▶ _Materials provided_:

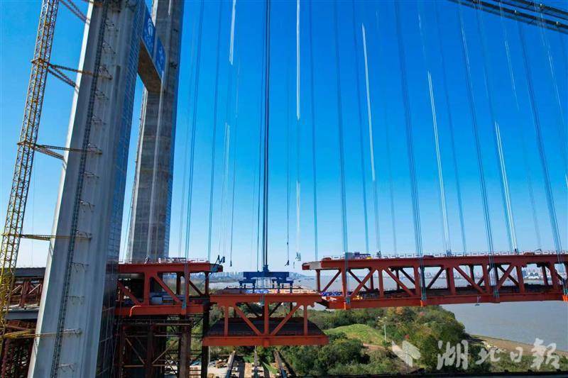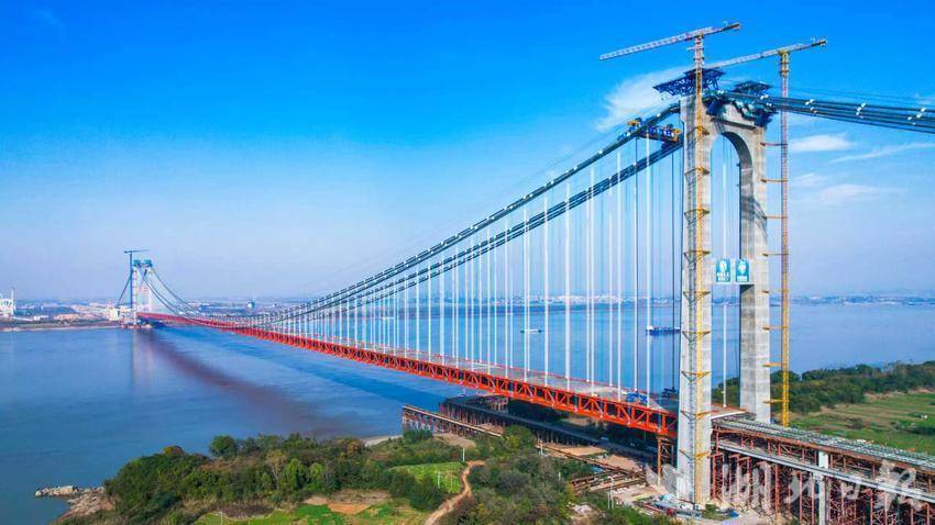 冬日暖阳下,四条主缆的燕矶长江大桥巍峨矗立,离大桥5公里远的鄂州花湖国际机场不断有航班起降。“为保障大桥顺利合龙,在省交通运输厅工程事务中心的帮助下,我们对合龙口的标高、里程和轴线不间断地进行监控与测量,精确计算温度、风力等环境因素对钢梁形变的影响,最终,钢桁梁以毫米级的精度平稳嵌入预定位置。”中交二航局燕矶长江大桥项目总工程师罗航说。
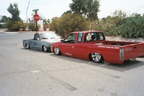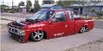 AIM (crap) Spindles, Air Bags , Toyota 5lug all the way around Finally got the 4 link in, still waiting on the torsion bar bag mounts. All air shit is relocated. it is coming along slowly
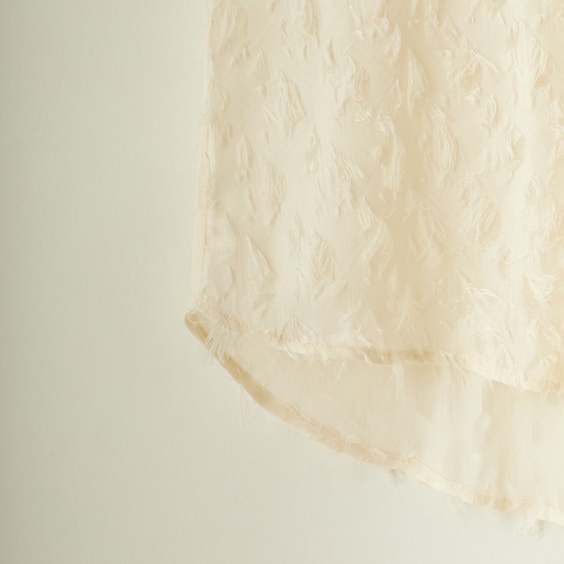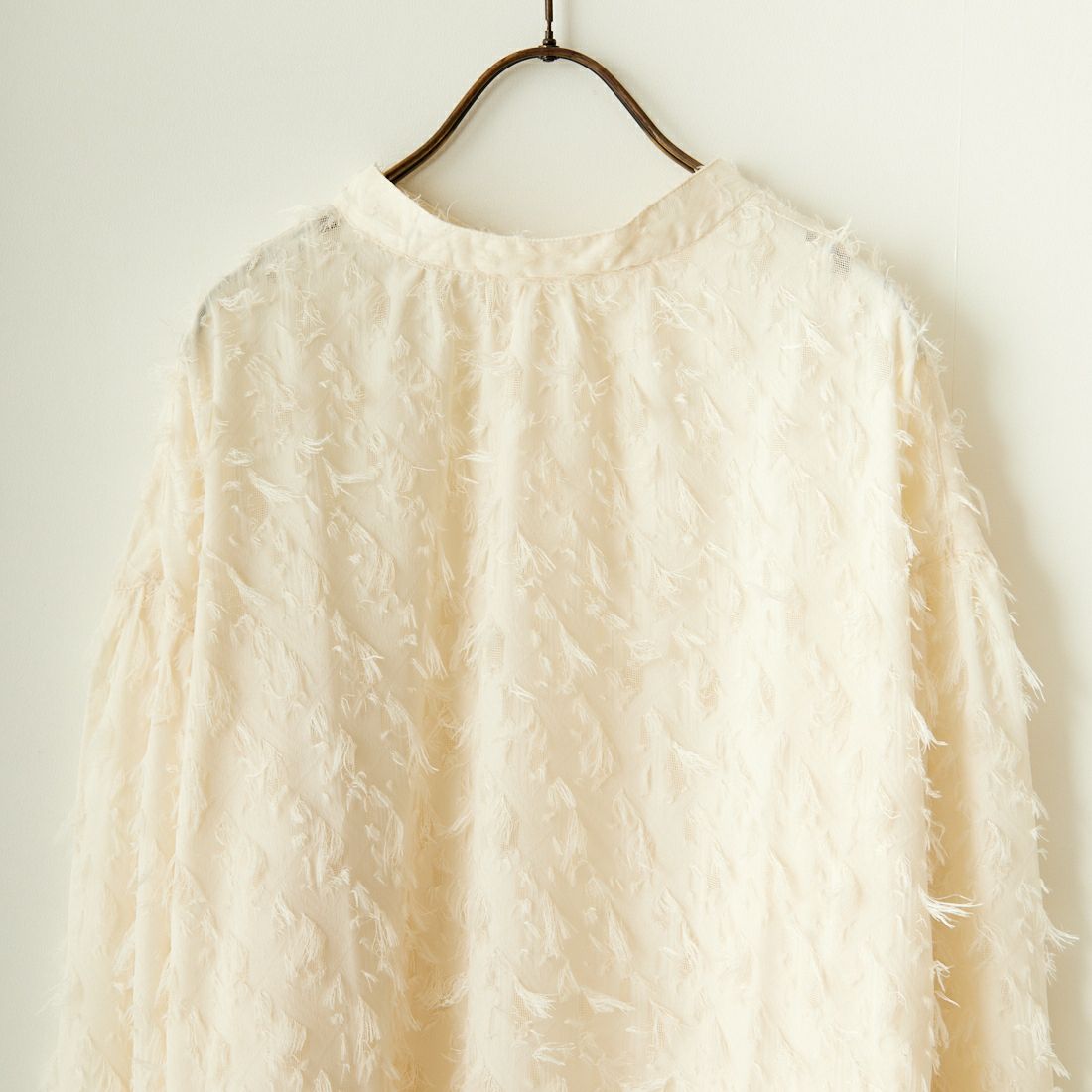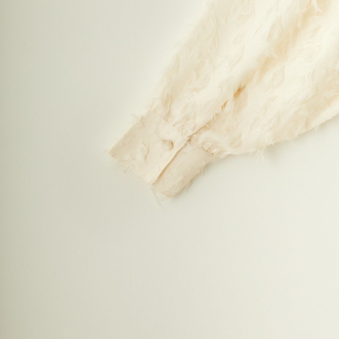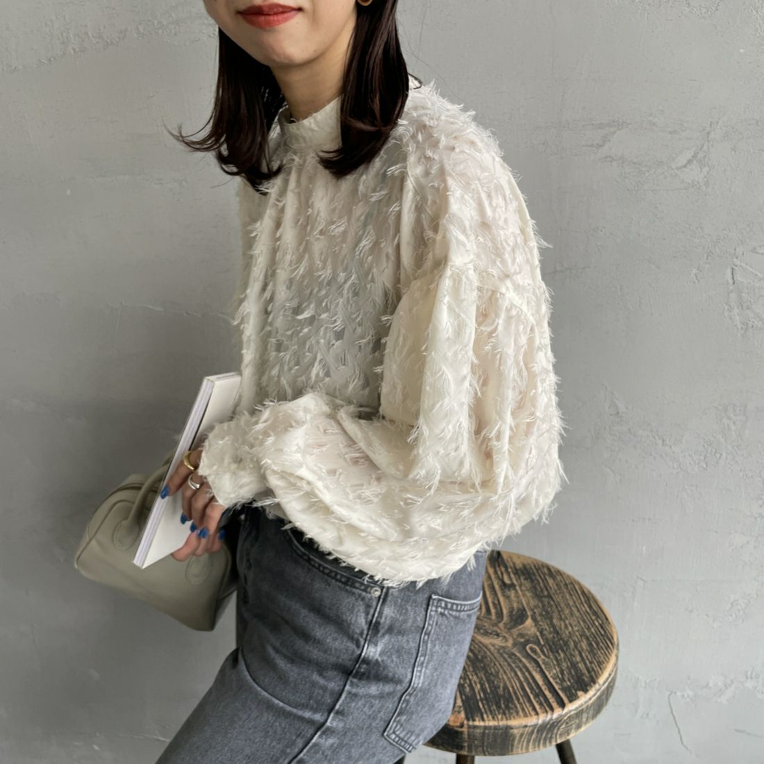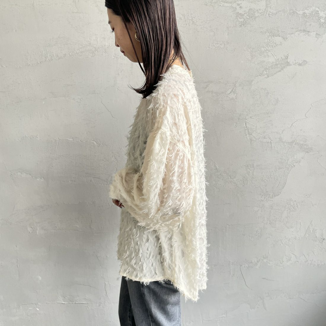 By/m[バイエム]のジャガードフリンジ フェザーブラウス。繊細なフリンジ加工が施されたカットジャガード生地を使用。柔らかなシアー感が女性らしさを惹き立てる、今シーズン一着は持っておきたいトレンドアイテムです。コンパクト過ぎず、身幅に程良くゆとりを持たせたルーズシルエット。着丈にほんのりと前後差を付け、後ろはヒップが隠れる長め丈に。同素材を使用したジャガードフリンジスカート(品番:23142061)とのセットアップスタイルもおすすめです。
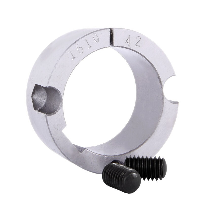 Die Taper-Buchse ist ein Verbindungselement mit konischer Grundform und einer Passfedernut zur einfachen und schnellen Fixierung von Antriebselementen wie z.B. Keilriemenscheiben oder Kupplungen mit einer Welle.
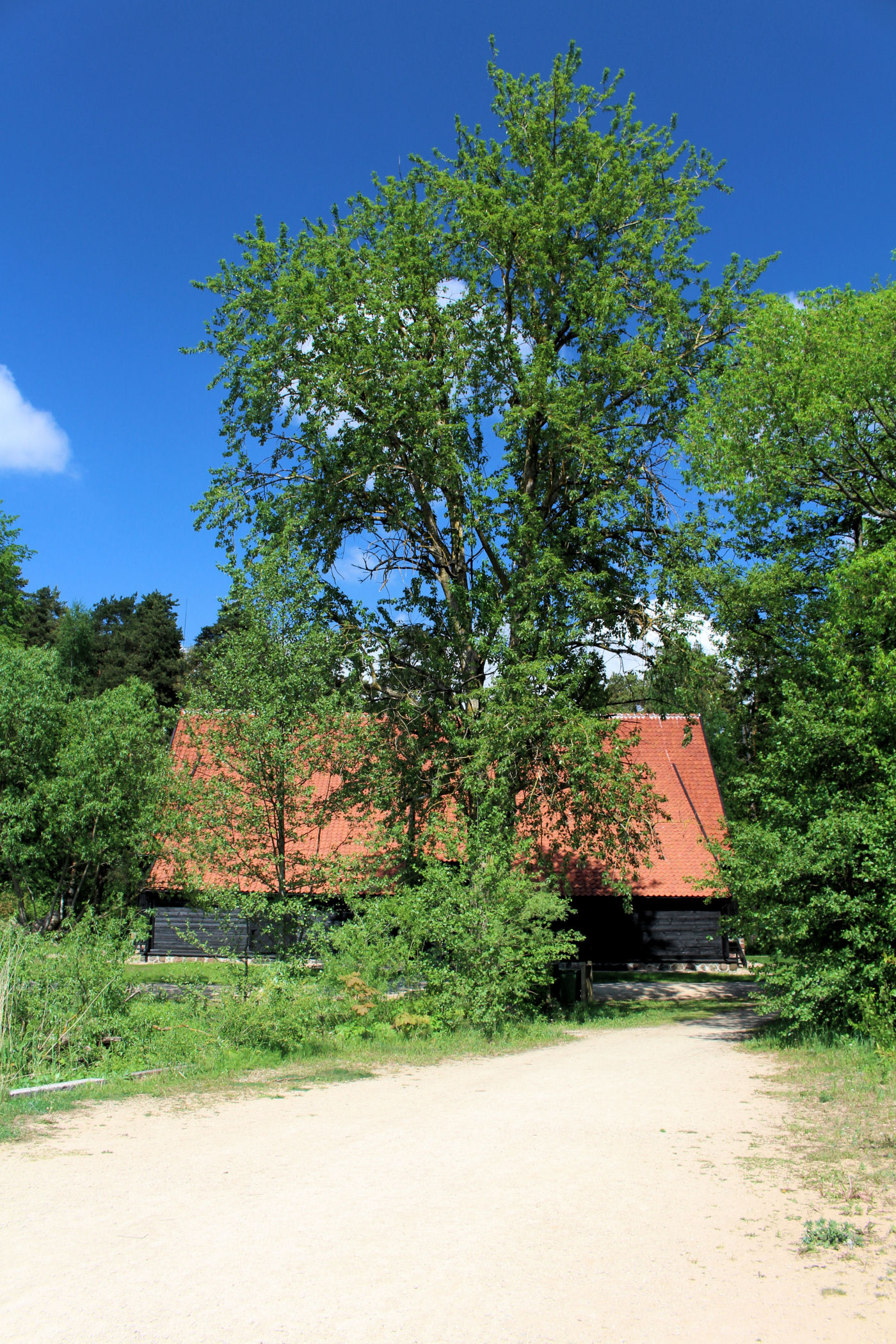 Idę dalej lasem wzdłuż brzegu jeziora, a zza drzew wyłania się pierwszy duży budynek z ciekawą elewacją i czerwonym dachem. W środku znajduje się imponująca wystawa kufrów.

...

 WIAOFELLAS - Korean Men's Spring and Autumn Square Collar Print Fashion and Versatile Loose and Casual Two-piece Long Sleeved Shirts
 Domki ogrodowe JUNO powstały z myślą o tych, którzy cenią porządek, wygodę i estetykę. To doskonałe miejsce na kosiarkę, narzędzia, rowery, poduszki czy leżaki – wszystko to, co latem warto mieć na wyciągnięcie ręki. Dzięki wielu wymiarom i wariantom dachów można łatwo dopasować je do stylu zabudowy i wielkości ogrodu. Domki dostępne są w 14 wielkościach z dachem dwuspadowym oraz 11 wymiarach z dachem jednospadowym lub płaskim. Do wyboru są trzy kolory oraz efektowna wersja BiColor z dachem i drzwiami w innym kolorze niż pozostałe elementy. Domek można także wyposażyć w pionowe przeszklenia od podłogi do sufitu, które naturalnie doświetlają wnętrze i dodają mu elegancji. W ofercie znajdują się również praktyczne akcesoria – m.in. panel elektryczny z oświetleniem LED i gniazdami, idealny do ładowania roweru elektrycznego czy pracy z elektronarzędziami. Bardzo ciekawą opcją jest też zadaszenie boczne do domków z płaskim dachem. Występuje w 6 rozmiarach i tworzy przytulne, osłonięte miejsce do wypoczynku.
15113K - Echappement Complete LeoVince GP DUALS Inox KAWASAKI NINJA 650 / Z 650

* * *

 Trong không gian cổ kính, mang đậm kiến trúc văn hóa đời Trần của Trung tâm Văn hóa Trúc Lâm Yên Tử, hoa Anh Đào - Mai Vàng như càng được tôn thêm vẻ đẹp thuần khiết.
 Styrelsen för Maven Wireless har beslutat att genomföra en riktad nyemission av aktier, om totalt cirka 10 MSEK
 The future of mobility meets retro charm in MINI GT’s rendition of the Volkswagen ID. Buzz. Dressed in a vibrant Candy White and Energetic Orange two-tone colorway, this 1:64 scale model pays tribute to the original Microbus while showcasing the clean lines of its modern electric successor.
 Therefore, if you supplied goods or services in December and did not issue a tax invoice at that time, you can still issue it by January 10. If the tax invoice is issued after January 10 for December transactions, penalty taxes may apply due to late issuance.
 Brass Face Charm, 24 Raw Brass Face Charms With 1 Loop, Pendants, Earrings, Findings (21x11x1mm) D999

▶ _Problem statement_: Using the records above, print exactly the lines between the ones containing "By/m[バイエム]のジャガ" and "Idę dalej lasem", inclusive, and nothing else; no pictures.

▶ _Solution_:
 By/m[バイエム]のジャガードフリンジ フェザーブラウス。繊細なフリンジ加工が施されたカットジャガード生地を使用。柔らかなシアー感が女性らしさを惹き立てる、今シーズン一着は持っておきたいトレンドアイテムです。コンパクト過ぎず、身幅に程良くゆとりを持たせたルーズシルエット。着丈にほんのりと前後差を付け、後ろはヒップが隠れる長め丈に。同素材を使用したジャガードフリンジスカート(品番:23142061)とのセットアップスタイルもおすすめです。
 Die Taper-Buchse ist ein Verbindungselement mit konischer Grundform und einer Passfedernut zur einfachen und schnellen Fixierung von Antriebselementen wie z.B. Keilriemenscheiben oder Kupplungen mit einer Welle.
 Idę dalej lasem wzdłuż brzegu jeziora, a zza drzew wyłania się pierwszy duży budynek z ciekawą elewacją i czerwonym dachem. W środku znajduje się imponująca wystawa kufrów.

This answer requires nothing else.